Someone stepped to the rail beside him, and he turned to see that Meredith Channing had come on deck.
Staring at the landfall in the distance, she said, "I shouldn't have come. I should have listened to my better judgment. This won't be Mark. None of the others were. I shouldn't have brought you into this. But I was afraid this time. I don't know why. Very cowardly of me."
Her shoulder was touching his, her unconscious need for human comfort overcoming her reticence.
"I'm glad you did," he said, and wondered if it were true.
"When it seemed that you weren't at home, I didn't know what to do.

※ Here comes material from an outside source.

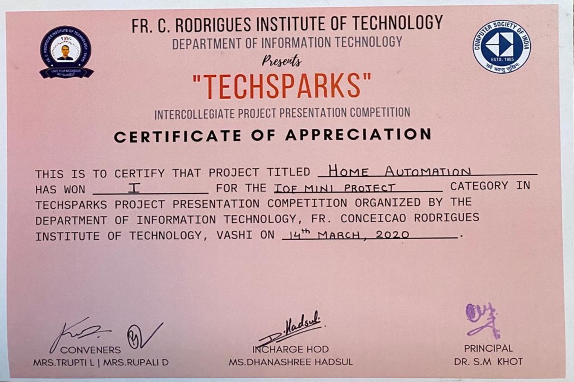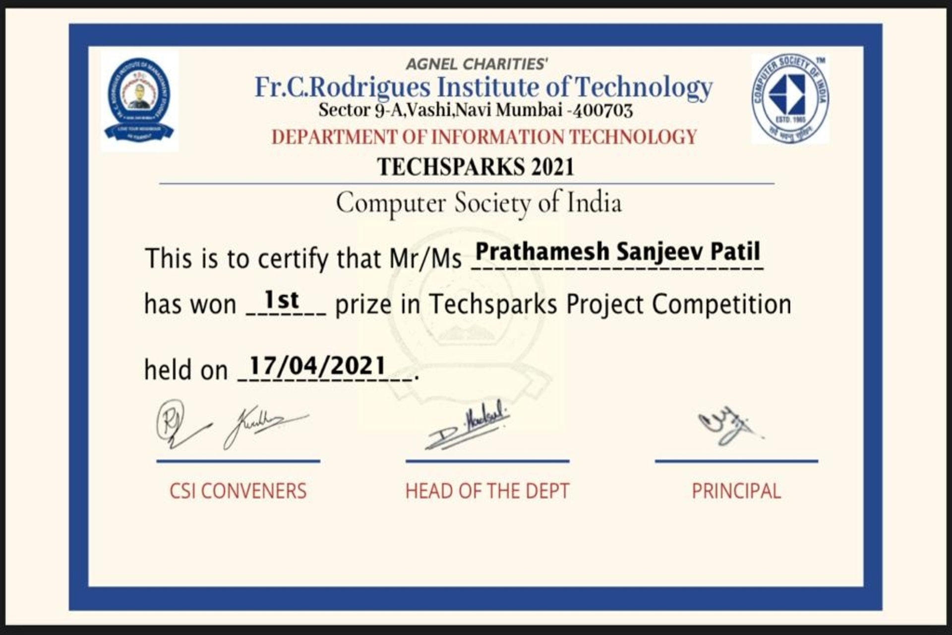 Won 1st prize in Techsparks-2021 Project Compitation in category {FINAL YEAR PROJECT}

I couldn't go to Frances, or to the Yard, and ask where you might be."
"How did you know where to find me?"
"I've known for a very long time where you lived. I'd just never had occasion to go there. Until last night."

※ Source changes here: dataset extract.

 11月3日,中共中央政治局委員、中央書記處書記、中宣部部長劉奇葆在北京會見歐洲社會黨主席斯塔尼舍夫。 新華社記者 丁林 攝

They were silent for a time. He could feel her shivering, whether from the wind or from nerves, he didn't know. After a moment, he put his arm around her shoulders, and she leaned into him until the shivering stopped.
When the boat had docked, and they had cleared the formalities, they turned north, on the road to Ypres and Belgium. To make conversation, Rutledge said, "I lost a murderer to France this week." And he told her how the dog had been found, and what the French had had to say about Mr. and Mrs. Summers.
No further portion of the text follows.